Летчик высунулся из кабины и сказал:
— Надолго вы тут застряли. Может, останетесь? У нас вот точно так Галя осталась. Помнишь, Галя?
Это был знакомый летчик, тот самый, который доставил Егорышева сюда.
— Так мне нельзя, — покачал головой Егорышев. — Каждый человек должен доделывать свои дела до конца, а у меня в Москве есть очень важное дело.
Он влез в кабину, взревели винты, и поляна стала быстро уменьшаться. Галя и Юра стояли, задрав головы, и махали руками. Егорышев увидел, как из правления вышел Мангульби и посмотрел на небо, приложив руку к глазам.
Потом поселок исчез, и внизу поползли холмы и сопки. На горизонте промелькнули какие-то красные скалы, и Егорышев долго смотрел на них, пока не сообразил, что это никак не могут быть те скалы, на которые они взбирались с Матвеем. Те на юге, совсем в другой стороне.
В кабине Егорышев был не один. Вместе с ним в Улуг-Хем летели две молоденькие девушки-торжинки.
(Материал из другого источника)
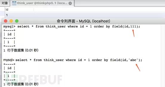 所以,我们要利用该漏洞,第一我们至少需要知道表中的一个字段名称,第二向field()函数中中传入两个字段。第二个字段不需要知道字段名,用数字或字符串绕过即可。

Они летели сдавать экзамены в педучилище и были очень возбуждены… Они вздыхали и шептались и были очень симпатичны Егорышеву со своими черными тугими косичками, черными блестящими глазами и свежими губами.
— Волнуетесь? — спросил он. — Так и надо. Перед экзаменами обязательно нужно как следует поволноваться, тогда все будет хорошо.
Сам он не волновался, хотя решил прямо с аэродрома пойти к Строганову, и до их встречи в общей сложности оставалось не больше получаса.
Егорышев знал, что через полчаса должно произойти то, чего ни он, ни Матвей не могли избежать, но не волновался ничуть. Все в нем как будто окаменело. Он был тверд и совершенно спокоен.
Попрощавшись с летчиком и с девушками, он отправился на Центральную улицу к знакомому дому. Он поднялся на крыльцо, хотел закурить, но внезапно им овладело страшное нетерпение, и он постучал.
За дверью раздались шаги, лязгнула щеколда, и на пороге появился Матвей. Он был хмур и небрит. В зубах у него торчал погасший окурок. Увидев Егорышева, он выплюнул окурок и радостно сказал:
— Наконец-то! Я уже хотел тебя по радио вызывать. Ну, как ты? Как?
Он втащил Егорышева в комнату, усадил на диван как раз напротив Наташиного портрета и снял с Егорышева кепку.
— Ничего. Хорошо! Худой, но это не беда. Были бы кости, мясо нарастет, а кости у тебя, будь здоров. Дай бог каждому! Сейчас мы с тобой обедать будем. Я и бутылочку припас.
— Не нужно бутылочки, — ответил Егорышев, стараясь не смотреть на Наташу. — Я спешу. И мне надо с тобой поговорить…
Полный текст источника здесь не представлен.